This study presents an efficient reconstruction method for quantitative PWI, which jointly exploits the temporal variations in pixel-wise and patch-wise level. The processing time of our method on a single-slice DSC-MRI dataset is around 4-5 minutes (on a Intel desktop). The maximum acceleration achieved with our method could be further increased with the use of a high-spatial resolution data. However, high-spatial resolution is not clinically realistic for PWI because a high temporal resolution is necessary to accurately track the kinetics of the tracer.

Acknowledgements

The research leading to these results has received funding from the European Union’s H2020 Framework Programme (H2020-MSCA-ITN-2014) under grant agreement no 642685 MacSeNet.

References

1. Smith, D.S. et al. Robustness of quantitative compressive sensing MRI: the effect of random undersampling patterns on derived parameters for DCE- and DSC-MRI. IEEE Trans. Med. Imag. (2012).

2. Lingala, S.G. et al. Accelerated dynamic MRI exploiting sparsity and low-rank structure: k-t SLR. IEEE Trans. Med. Imag. (2011).

3. Chen, C. et al. Real time dynamic MRI by exploiting spatial and temporal sparsity. Magn. Reson. Imag. (2016).

4. Ulas, C. et al. Spatio-temporal MRI reconstruction by enforcing local and global regularity via dynamic total variation and nuclear norm minimization. IEEE International Sym. on Biomed. Imag. (ISBI) (2016).
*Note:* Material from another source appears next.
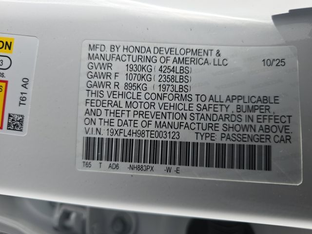 Platinum White Pearl 2026 Honda Civic Hybrid Sport Touring FWD eCVT 2.0L I4 DOHC 16V
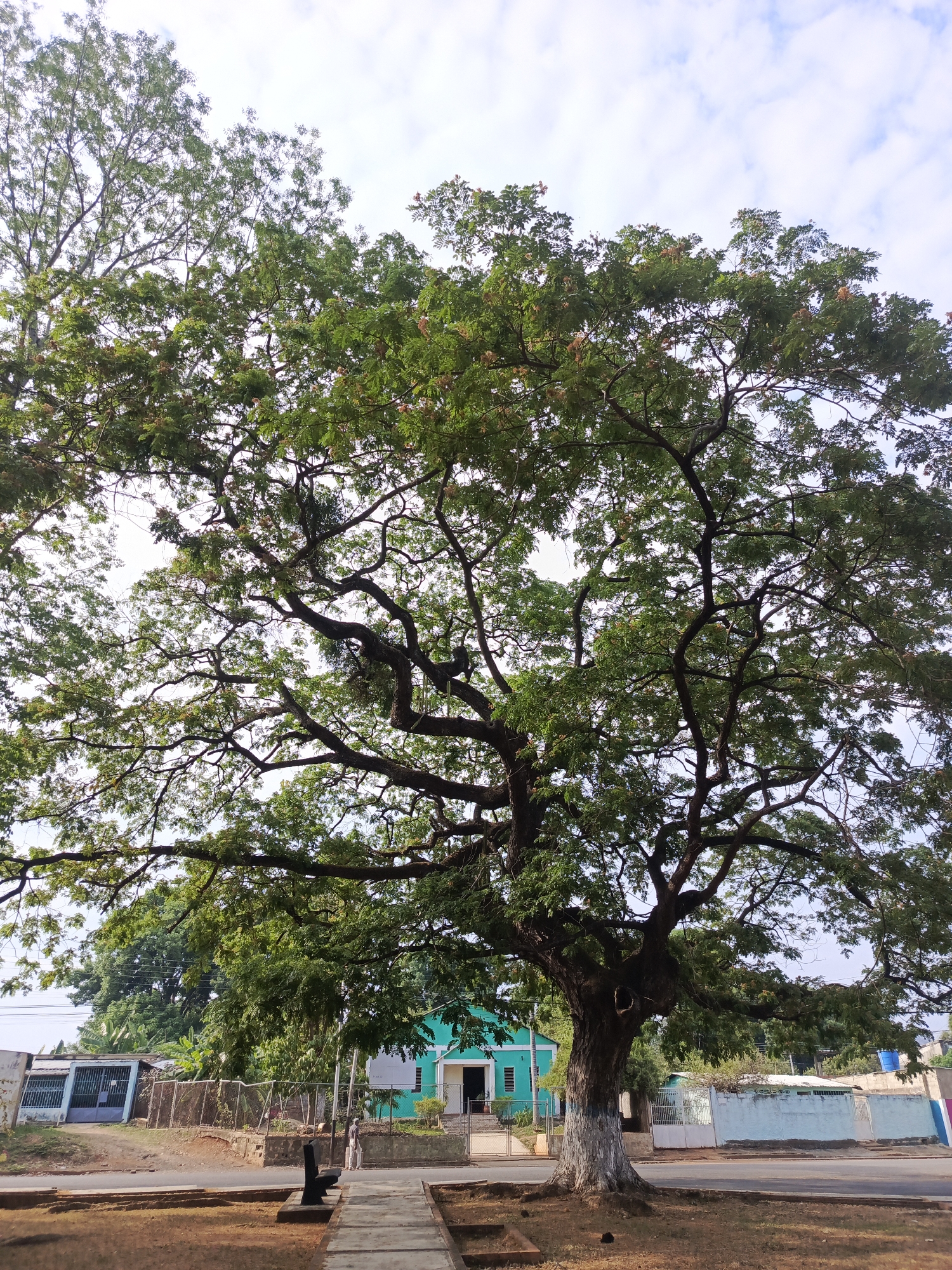 A large, mature tree dominates the foreground of this image taken in what appears to be a town square or park. The tree's trunk is thick and partially painted white at the base, with sprawling branches reaching up towards a sky dotted with light clouds. Some branches show evidence of small red flowers. In the middle ground, behind the tree, are several buildings, including one that's painted a vibrant teal color. Fences and walls delineate the properties. A paved walkway leads towards the buildings, and a dark object (possibly a bench or statue) sits on the walkway. The location is Tinaco, Venezuela. The scene is generally quiet, suggesting a peaceful moment in the town. No people are visibly discernible in the image.

5. Raguet, H. et al. A generalized forward-backward splitting. SIAM J. on Imag. Sci. (2013).

6. Lebel, R.M. et al. Highly accelerated dynamic contrast enhanced imaging. Magn. Reson. Med. (2014).

7. Trémoulhéac, B. et al. Dynamic MR image reconstruction-separation from undersampled (k-t)-space via low-rank plus sparse prior. IEEE Trans. Med. Imag. (2014).

8. Vasanawala, S.S. et al. Practical Parallel Imaging Compressed Sensing MRI: Summary of two years of experience in accelerating body MRI of Pediatric patients. IEEE International Sym. on Biomed. Imag. (ISBI) (2011).

Figures

Figure 1. Spatial reconstructions of a single frame and time-intensity curves (TIC) averaged over the region of interests (ROIs) of Subject 1 (A) and Subject 2 (B) obtained with an 8-fold acceleration factor. Subfigure (A) also displays an exemplary undersampling mask in the bottom-left figure. For each frame, close-up views of two regions (yellow and green square) are also displayed. Subfigure (B) shows the TICs obtained from both non-tumor (nt) and tumor (tmr) region. Our method achieves the most accurate estimation of peaks and temporal patterns of perfusion signal, whereas spatial reconstructions are quite close to those obtained by SparseSENSE.

Figure 2. Perfusion parameter maps (CBF, CBV, MTT) of Subject 3 obtained by different methods with an 8-fold acceleration. The tumor region is marked by a white arrow in the Ground Truth CBF image. The proposed method results in perfusion maps where most of the structures are preserved and appear sharper compared to SparseSENSE, but some finer details are missing due to undersampling. The kt-RPCA reconstruction method produces highly inaccurate perfusion maps as expected by the mismatch of TICs shown in Figure 1. This method does not explicitly exploit variation in temporal domain, which makes it inadequate for quantitative PWI.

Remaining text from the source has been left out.